Which lines belong in your copy? Those from the start of the data through the line with "Bu, adanın şimal-şərq", exactly as written, without any pictures.

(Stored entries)
• • • • •

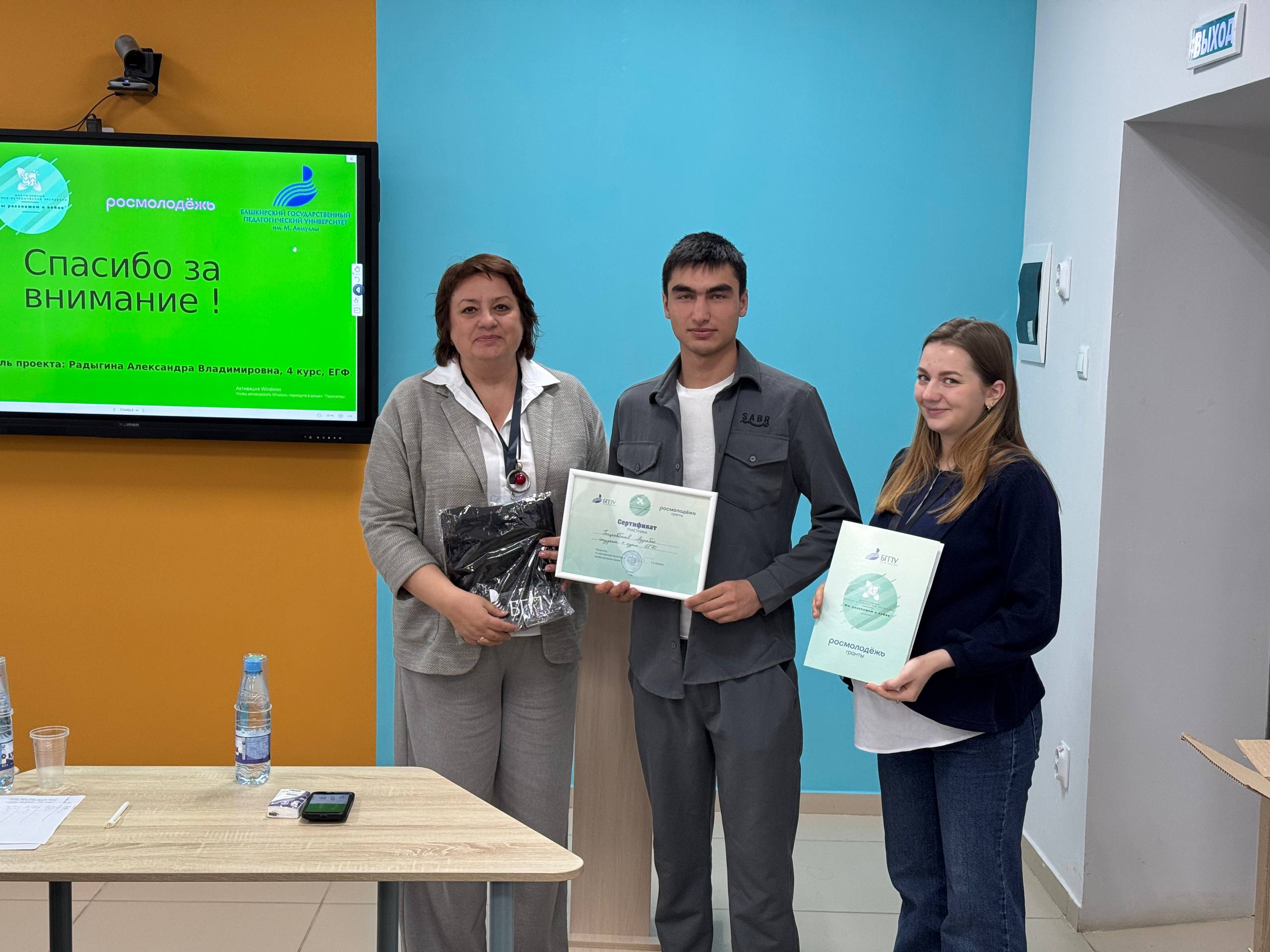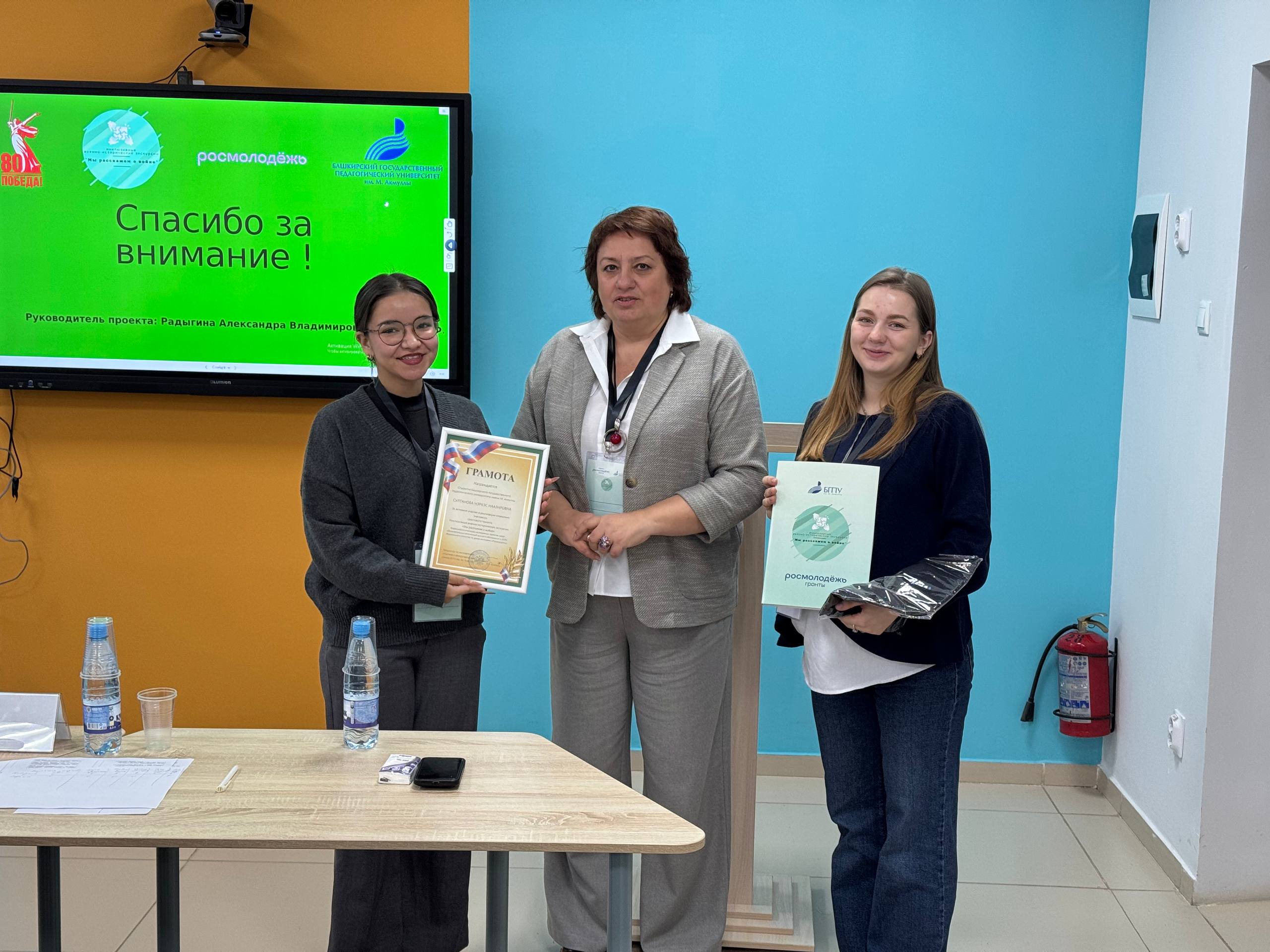 В завершение мероприятия были подведены итоги грантового проекта. Наставник проекта Наталья Викторовна Суханова вручила волонтерам проекта сертификаты и грамоты за активное участие и вклад в патриотическое воспитание молодежи.
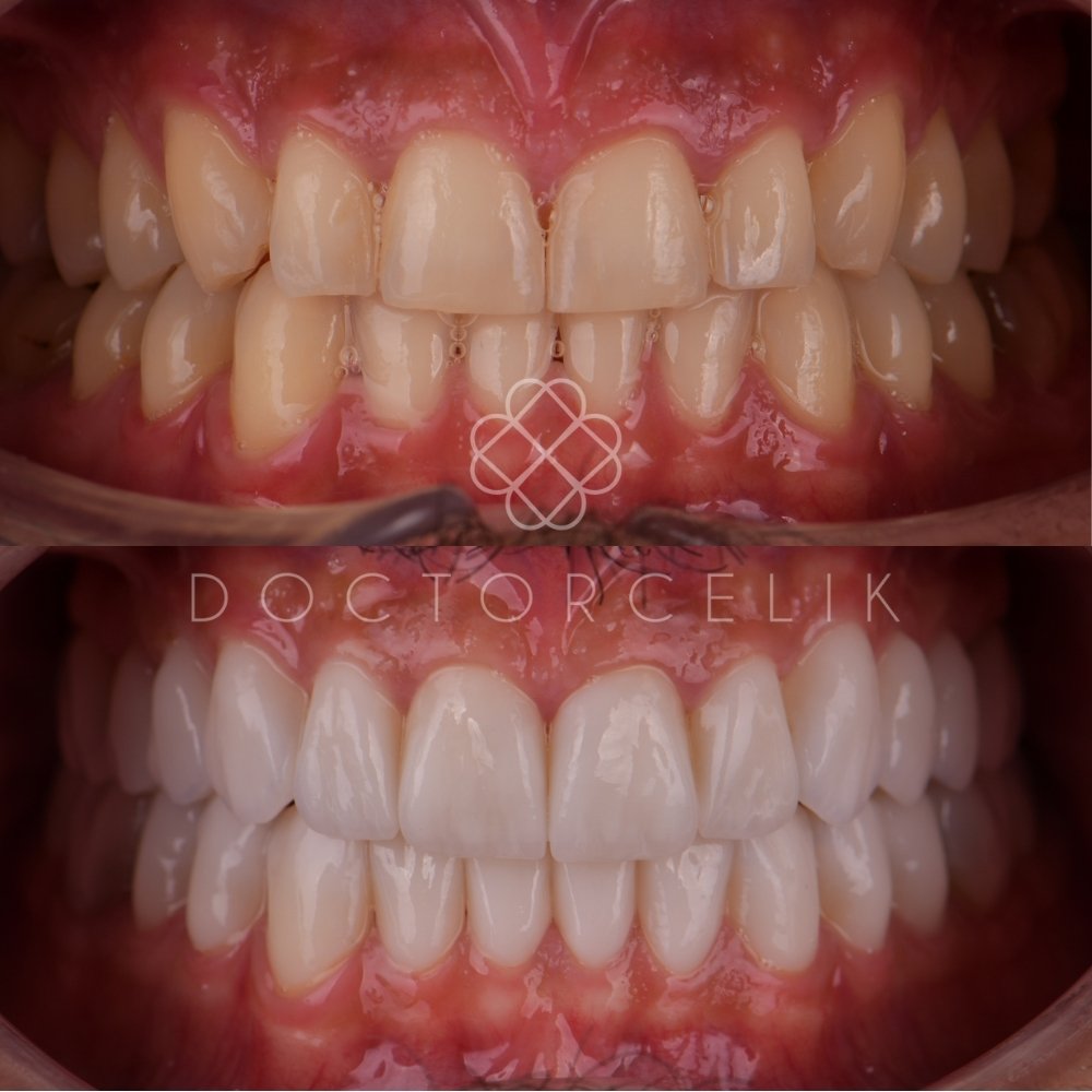 First, a detailed clinical examination was performed. The patient received subgingival curettage and professional cleaning to restore gingival health. The old crowns were removed because they were causing irritation and contributing to plaque accumulation and gum inflammation.
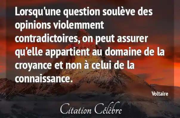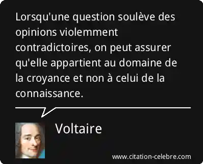 Lorsqu'une question soulève des opinions violemment contradictoires, on peut assurer qu'elle appartient au domaine de la croyance et non à celui de la connaissance.
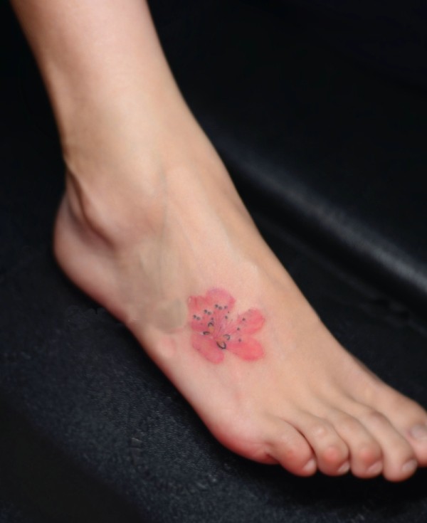 清新小桃花脚踝纹身_脚部纹身图案大全_纹身图吧
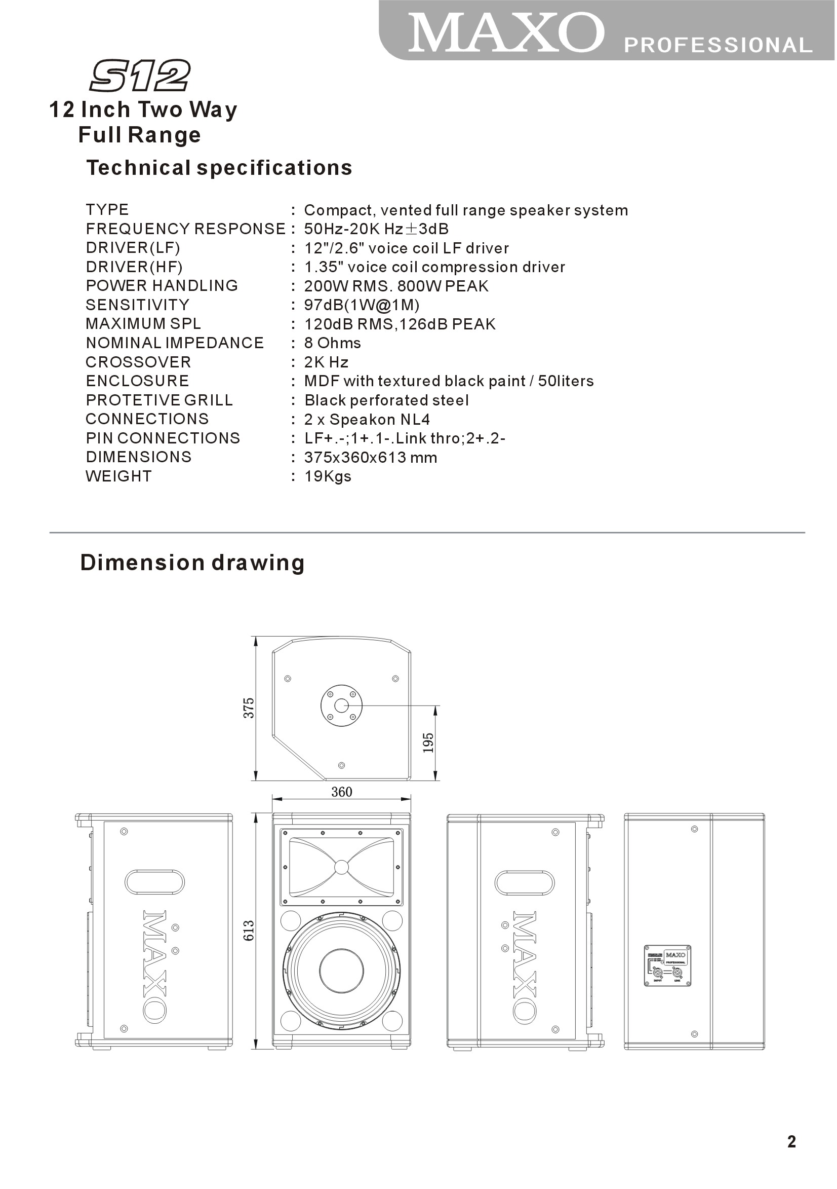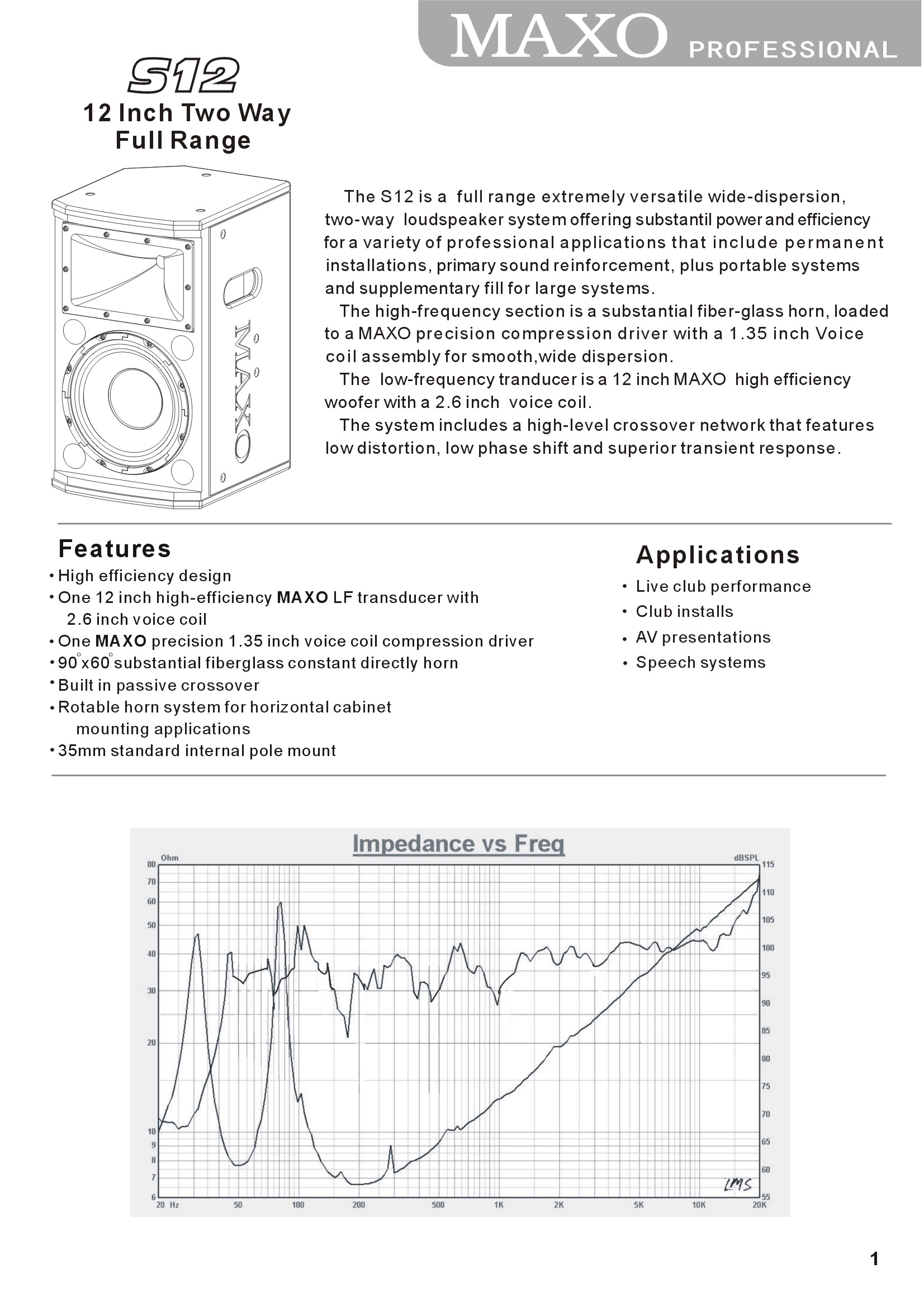 | DRIVER(LF) | : | 12″/2.6″ voice coil LF driver |
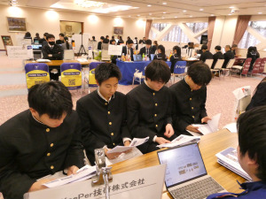 2月13日の午後、2年生の就職・公務員希望者46名が、山交ビル7階で開催された企業合同説明会に参加しました。県内外からさまざまな業種の企業24社が参加し、生徒たちは各企業のブースを回りながら、仕事内容ややりがい、企業の強みなどについて説明を受けました。多くの業種や企業を知る中で、自分に合った進路や企業を見つけていってほしいと思います。
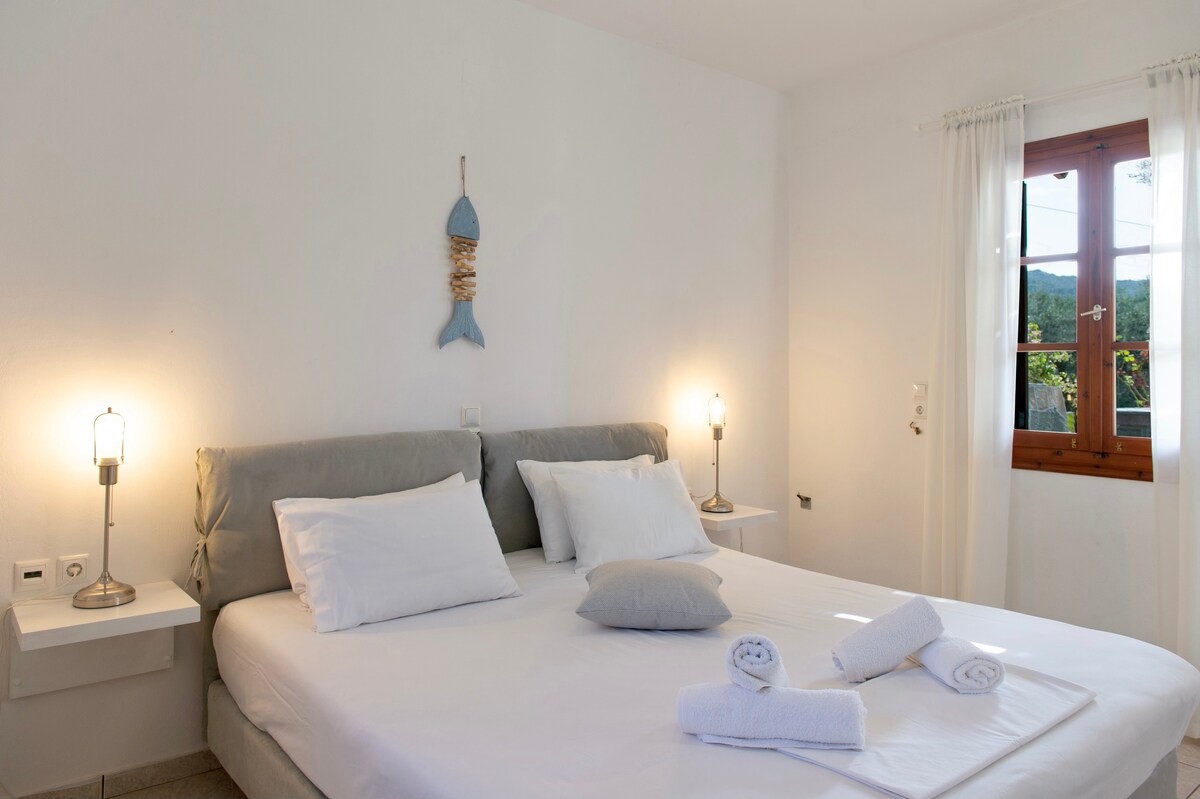 Bu, adanın şimal-şərq tərəfində çox sakit və sakit bir yerdə kottec evidir. Egey dənizinə möhtəşəm mənzərəniz var. Bu, tətilinizdə istirahət etmək və istirahət etmək imkanı verir. Mətbəxlə paylaşılan istirahət məkanında Grecostrom Bodytopia Series döşəyi olan 150-179 sm-lik çarpayısı olan bir əsas yataq otağı və iki birnəfərlik çarpayı var. Bu, həmçinin tam təchiz olunmuş mətbəx və hamam otağıdır. Bu, tətilinizdən öz tempinizlə zövq almaq imkanı verəcək.
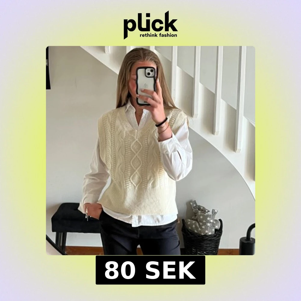 Snygg vit stickad väst med klassiskt kabelstickat mönster och v-ringning. Perfekt att bära över en skjorta för en stilren outfit.🥰
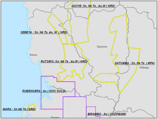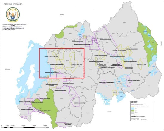 - Rwanda Geology and Mines Authority. Great Exploration and Exploitation Concessions; Rwanda Geology and Mines Authority: Kigali, Rwanda, 2014. [Google Scholar]

• • • • •

▸ **Solution to this exercise**
 В завершение мероприятия были подведены итоги грантового проекта. Наставник проекта Наталья Викторовна Суханова вручила волонтерам проекта сертификаты и грамоты за активное участие и вклад в патриотическое воспитание молодежи.
 First, a detailed clinical examination was performed. The patient received subgingival curettage and professional cleaning to restore gingival health. The old crowns were removed because they were causing irritation and contributing to plaque accumulation and gum inflammation.
 Lorsqu'une question soulève des opinions violemment contradictoires, on peut assurer qu'elle appartient au domaine de la croyance et non à celui de la connaissance.
 清新小桃花脚踝纹身_脚部纹身图案大全_纹身图吧
 | DRIVER(LF) | : | 12″/2.6″ voice coil LF driver |
 2月13日の午後、2年生の就職・公務員希望者46名が、山交ビル7階で開催された企業合同説明会に参加しました。県内外からさまざまな業種の企業24社が参加し、生徒たちは各企業のブースを回りながら、仕事内容ややりがい、企業の強みなどについて説明を受けました。多くの業種や企業を知る中で、自分に合った進路や企業を見つけていってほしいと思います。
 Bu, adanın şimal-şərq tərəfində çox sakit və sakit bir yerdə kottec evidir. Egey dənizinə möhtəşəm mənzərəniz var. Bu, tətilinizdə istirahət etmək və istirahət etmək imkanı verir. Mətbəxlə paylaşılan istirahət məkanında Grecostrom Bodytopia Series döşəyi olan 150-179 sm-lik çarpayısı olan bir əsas yataq otağı və iki birnəfərlik çarpayı var. Bu, həmçinin tam təchiz olunmuş mətbəx və hamam otağıdır. Bu, tətilinizdən öz tempinizlə zövq almaq imkanı verəcək.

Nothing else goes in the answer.